The Real Anastasia, though also not really real is next, she advertised an apartment for $750, a reasonable price, it was a 1bed/1bath with posted pictures and address. However when I looked up the address on Zillow its a whole house that was for sale, not apartments. The worst part about the Zillow ad is it's advertised as a 4-bedroom house and 5 bathrooms and only has one picture of one bathroom. Hmm seems like Anastasia is lying and so is the seller of this fancy $350,000 house which by the way needs major renovations. Besides which it's missing 4 of its 5 bathrooms. 

For our final round, we have Noname, Noname was like Betty, she advertised she had prime spots, but with no prices or pictures. She also took a very long time to respond to texts and even though I told her many times it was not me looking for a spot, but my imaginary friends. She still thought it was me moving in. Although those are not most certainly red flags, they do put you in the position of asking, "Is this person even reading what I wrote?"  However the following information put me off almost immediately and created a number of flags that you just can't help but wave bye to. Noname advertised she had a ready-to-move-in house for $1,295 with a security deposit of just $400, which in most cases is not a security deposit. Most private landlords or companies will ask for first and last or first, last, and security. Noname then texted me the address which I cross-referenced with Zillow. The rent matched and I was certainly surprised, however on the Zillow ad, the deposit was $2,390, which did not match either post. I also asked Noname about an application fee which she replied was $60 per adult, while the Zillow ad lists it as $35. To make matters worse, she asked to fill out an application and basically save the space by putting down $60. Which means I would of not seen the apartment or been there.
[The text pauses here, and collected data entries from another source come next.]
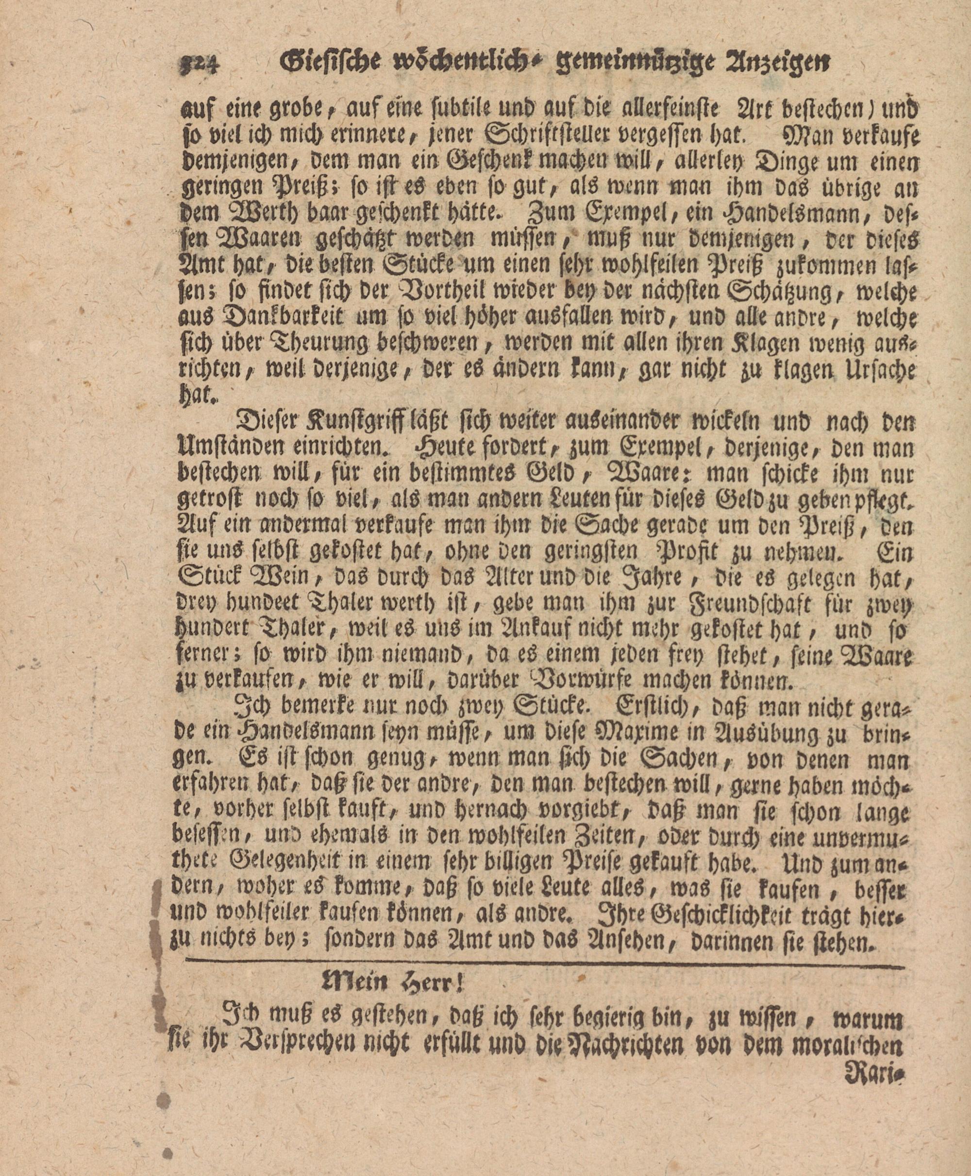 Ich bemerke nur noch zwey Stücke. Erstlich, daß man nickt gerade ein Handelsmann seyn müsse, um diese Maxime in Ausübung zu bringen. Es ist schon genug, wenn man sich die Sachen, von denen man erfahren hat, daß sie der andre, den man bestechen will, gerne haben möchte, vorher selbst kaust, und hernach vorgiebt, daß man sie schon lange besessen, und ehemals in Den wohlfeilen Zeiten, oder durch eine unvermu- thete Gelegenheit in einem sehr billigen Preise gekauft habe. Und zum andern, woher es komme, daß so viele Leute alles, was sie kaufen , besser und wohlfeiler kaufen können, als andre. Ihre Geschicklichkeit trägt hier- zu nichts bey; sondern das Amt und das Ansehen, darinnen sie stehen.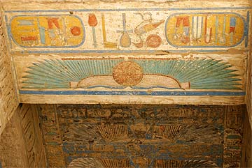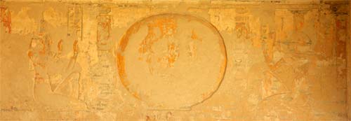 写真で見る下の方の女神が大地を支え、上の女神が天空を支えるという感じと受け取った。そして、下の方の夜の女神の口から食べられ腹の中にある太陽が子宮より再び生まれ昇ってくるという概念を描いたものらしい。これによって、王の命もまた再生されるという概念(思想)を表現しているtらしい。このモチーフは他でも見ることが出来た。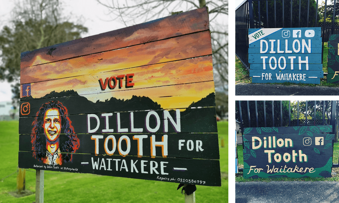 Out west they do things differently, thank god, and no one is standing out like Dillon Tooth. There’s a fairly long list of criteria you want to see in a mayor, but for local boards, let’s be honest, you’re really just asking for the person to be legit (ie. not another in the endless stream of business people in it to protect their own business interests), and have some passion. Dillon’s signs are all one-of-a-kind designs, hand-painted by his partner Esther. Legit? Tick. Is he keen? Tick. These are overloaded with character and personality and I love them.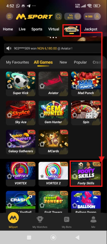 To locate the game, first, navigate to the games section on the MSport app and select Sugar Rush on the list of game icons, as seen below.

I would literally be giving money to a stranger in the hopes my $60 would save me a whole house. 

As you can see there are a lot of scammers out there, and I think it will be fun to play detective and root them out. I guess my next step would be to figure out how to out them. Which is just as hard as figuring out if they are real or not. Any help would be much appreciated. I've thought about contacted people on Zillow or other sites I reference, but in general, people don't answer those unless your actually looking to rent.